The Innkeeper

Joseph and Mary with baby

The couple turned up on the doorstep well after the sun had gone down. They weren’t peasants, but they weren’t flush with money, either. He was leading the donkey on which his wife (at least I assumed she was his wife) sat. She was heavily pregnant.

I told them that we were booked out. They said that I was their last hope, but I said that it was this census, see, and business is business. Sometimes you have vacancies, and sometimes you don’t.

Can’t be soft hearted about it.

But then the young girl groaned. Oh lord, I thought, the baby’s coming. I only had one vacant space. Well, vacant apart from some livestock.

“There’s a stable out the back. You can doss there. I won’t charge you room rates.” I felt generous. Besides which this would be a bonus, a bit of unexpected extra money.

I ushered them into the stable and left them there to settle in the best they could.

When I got back Miriam (the wife) came down from tending to some patrons. I told her about our new ‘guests’. She was furious.

“How can you do that to a woman about to give birth? You might have at least found some warm corner in the parlour for the poor lass.”

It didn’t matter what I said, I couldn’t placate her. This census business wasn’t going to last forever. Pretty soon we’d be back to scrounging what we could from passing trade, and every denarius counted. But she wasn’t interested. That’s the way it is with women. They don’t understand business. But I’m the one who has to bring in the money.

“I’m going round there to see how she’s doing.” she said, and gathered up some clean rags and a bucket of hot water from the pot on the fire.

“Hey!” I said, “That’s for our guests!”

“These people are our guests!” she shot back, and huffed out of the front door, leaving me to draw some extra water to replace what she took.

She came back a couple of hours later, looking all soft and maternal.

“It’s a boy.” she said, “and he’s beautiful.”

Oh please don’t go all clucky on me, I thought, five is already enough.

“And by the way, they have visitors.”

“Visitors!? Who?”

“Some shepherds from the hill country, with a couple of lambs.”

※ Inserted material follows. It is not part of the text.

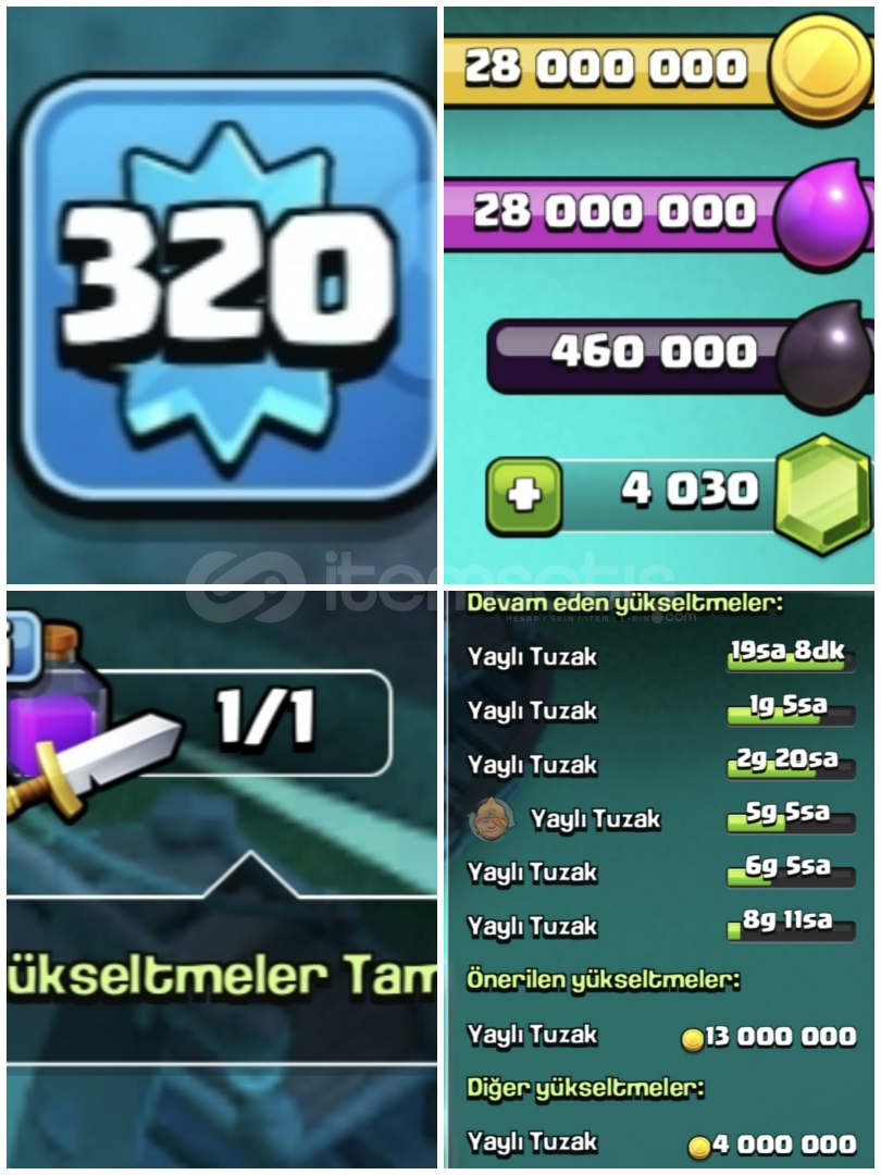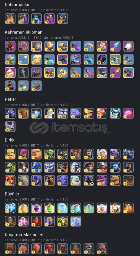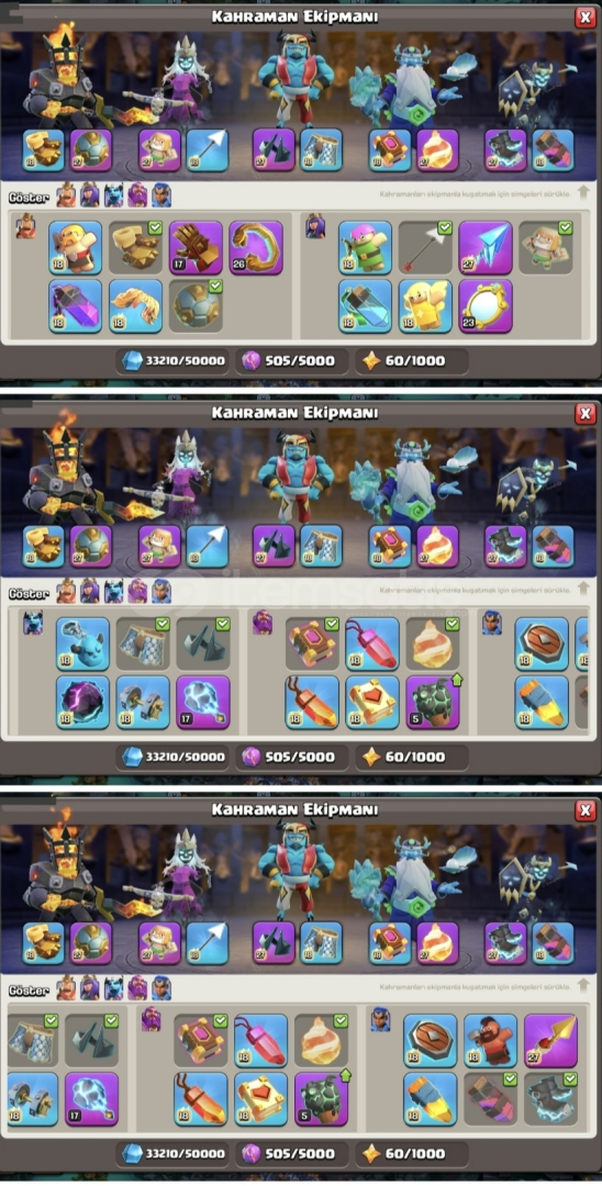 320 LEVEL / FUL 17 MAX KÖY / FUL DEMİRCİ HESAP 2.475 KS Yıldızı!320 Level Demirci full MAX4030 Yeşil TaşKöyde yükseltme yapılabilecek hiç bir şey kalmadı. Herşeyi ile Full MAX Ekstra hero kostümleri,Arka Planlar,lig madalyaları ve ekstra büyülü öğeler FULL olmak üzere resimlerde belirtilmiştir. Diğer ilanlar gibi Max deyip de, demircisi eksik veya k&o...

“What! They can’t just come swanning in, expecting me to give them warm place sleep and provide free fodder for their sheep!! Hay doesn’t grow on trees, you know!”

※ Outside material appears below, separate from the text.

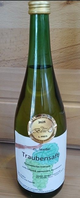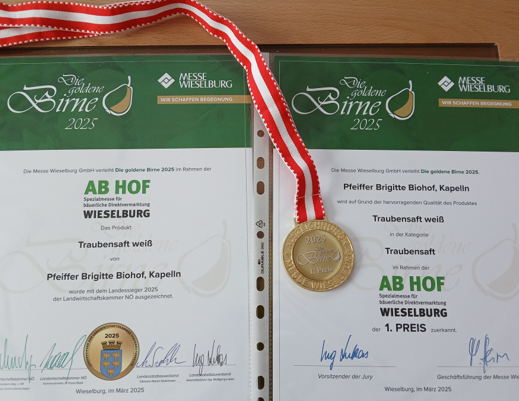 Wir haben bei der Abhof-Wieselburg (Goldene Birne 2025) mit unserem Traubensaft GOLD (1. Preis) gewonnen (siehe Fotos weiter unten)!!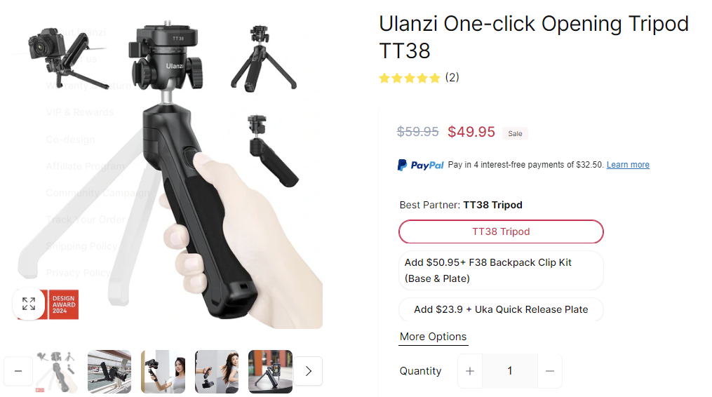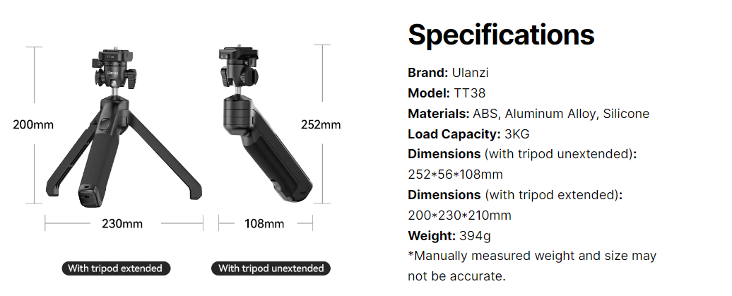 * 제품 상세 페이지 : https://www.ulanzi.com/collections/travel-tripods/products/tabletop-vlog-tripod-tt38

Before she could reply I hurried out the door and round to the stable, only to be passed by three men leaving it.

“It’s a boy, a beautiful boy. A king!” they called as they passed me, “The angels were right.”

But I only had one thing on my mind. “Oi!” I called after them, “You owe me some money! You can’t just leave your sheep there and take off without paying!”

But they had gone (or should I say, skipped) past me and were talking and laughing so loudly that they didn’t hear me.

And what was all that palaver about angels and a king? Ho! Just wait ’til Herod hears about that one! That’s dangerous talk!

I ducked through the door of the stable. Sure enough, there were the lambs scrounging hay from the floor. The donkey stood dozing in the corner, and the other animals quietly chewed their cud in their stalls. The main feed box, however, was in use. It had become a sort of cradle for the new born child. His mother sat next to it, crooning softly to the baby, who slept peacefully.

The man said, “Thank you for your kindness. It’s lovely and warm in here.”

All my bluster went out of me. I mean, how can you lay down the law when you’re confronted with that?

I knelt by the manger to get a closer look at the baby, and to meet the soft eyes of his mother.

I thought, I’d better get out of here before I go clucky too.

It still took some time for me to tear myself away.

When I got back into the inn, Miriam was there, waiting. It must have been the dreamy look in my eyes or something, because she simply nodded and said, “You too.”

Since then I’ve thought a lot about that night, of angels – well, there was a soft glow about the stable – and of kingship. Could a king, like Herod for instance, do that to me – soften my heart like that? I doubt it. It took the innocence of a newborn child, the knowing eyes of his mother, and the generosity of his father to do that.

So the census came and went, business went back to usual, but now I don’t seem to stress about it so much. I have the feeling that there will always be enough for us.

Oh yes – and number six is on the way.